The importance of CO2 capture to curb climate change

Climate change is one of the greatest global challenges of our time. To prevent global average temperatures from rising by more than 2 degrees above pre-industrial levels, as set out in the Paris Agreement, it is crucial to reduce greenhouse gas emissions such as CO2. However, the transition to completely clean energy sources is slow, and the burning of fossil fuels remains a major source of energy. In this context, the CO2 capture emerges as a viable solution to mitigate emissions while moving towards a more sustainable energy model.

To stabilize the concentration of CO2 in the atmosphere and avoid serious climate impacts, it is imperative not only to reduce emissions, but also capture and store the CO2 emittedThis article explores how CO2 is intended to be captured, transported and stored, a field in which scientist Edward Rubin has played a crucial role.

CO2 Capture and Edward Rubin

Edward Rubin is one of the leading figures in the field of CO2 capture. From Carnegie Mellon University in the United States, he has dedicated his career to researching and developing technologies for the capture, transport and storage of CO2 emitted by power plants that burn fossil fuels. Not only is he the author of multiple studies in this field, but he has also headed IPCC reports on these technologies.

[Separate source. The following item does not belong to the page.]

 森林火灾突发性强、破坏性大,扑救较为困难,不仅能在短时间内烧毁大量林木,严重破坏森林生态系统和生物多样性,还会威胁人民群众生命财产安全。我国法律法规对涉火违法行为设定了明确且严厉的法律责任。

Rubin points out that most climate models exploring future scenarios do not contemplate drastic reductions in CO2 emissions without including the capture and geological storage of this gas. Despite efforts to increase the use of renewable energy, a rapid transition to a zero-emissions future is not feasible without these auxiliary technologies.

A solution to gas emissions

An immediate phase-out of all fossil fuels is not a realistic option. As global energy demand continues to rise, it is necessary to look for alternatives hybrid solutions that include both increased penetration of renewable energy and technologies to capture carbon dioxide. Solar and wind energy have great potential, but their deployment and expansion are not advancing fast enough to meet the 80% emissions reduction targets by 2050. According to Rubin, the world is still heavily dependent on fossil fuels, and is likely to remain that way for the foreseeable future.

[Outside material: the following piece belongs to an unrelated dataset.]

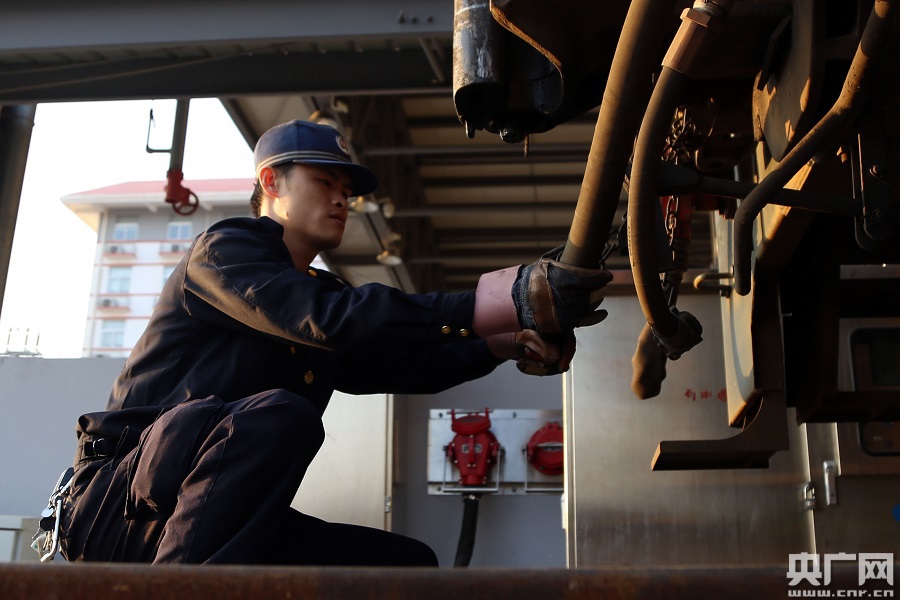 “車(chē)輛醫(yī)生”在對(duì)列車(chē)車(chē)鉤進(jìn)行檢查(央廣網(wǎng)發(fā) 王玉星 攝)

“We live in a world addicted to fossil fuels, where it is very difficult to wean society off them despite the seriousness of climate change.”

Knowledge of the carbon cycle has advanced sufficiently to enable technologies to capture, store and reuse CO2 on a large scale. However, the widespread implementation of these solutions requires effective regulation and an appropriate investment framework.

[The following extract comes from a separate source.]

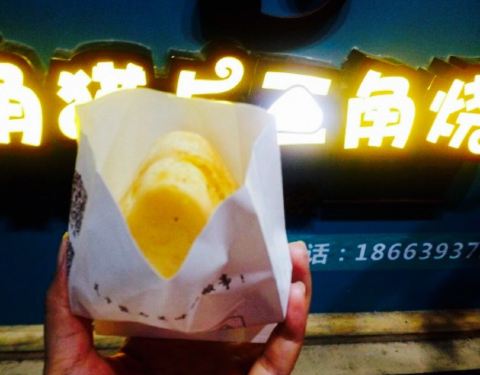 位置就在小木屋一条街上,之所以虽然那天已经吃的很饱了,是因为名字好萌,但还是买了一个。一个不是很大,饭后当个小吃甜品吃吃很不错,三角烧当然是三角形的啦,看上去很可爱。味道挺多的,有点选花眼,最终要了芝...位置就在小木屋一条街上,之所以虽然那天已经吃的很饱了,是因为名字好萌,但还是买了一个。一个不是很大,饭后当个小吃甜品吃吃很不错,三角烧当然是三角形的啦,看上去很可爱。味道挺多的,有点选花眼,最终要了芝士玉米的,外皮很脆,里面满满的都是玉米粒。对于喜欢甜腻的人的确很推荐,芝士给的也好多,吃起来很满足。

“A decade ago, there were anticipatory investments, but as the prospect of strong political action faded, the pace of investment declined.”

In the European Union, one of the most ambitious projects for CO2 capture was funded in Spain. The European Commission allocated 180 million euros to a capture and storage project at the Endesa plant in Compostilla (Cubillos de Sil, León), which was interrupted in 2013 due to the drop in the prices of emission rights.

Need for appropriate legislation

The impact of appropriate legislation on the development and adoption of CO2 capture technologies cannot be underestimated. Regulatory regimes that penalise uncaptured emissions could dramatically increase the adoption of these technologies worldwide. A clear example is in vehicle regulations, where catalytic converters reduce emissions of toxic gases. Similarly, legislation mandating CO2 capture would be crucial.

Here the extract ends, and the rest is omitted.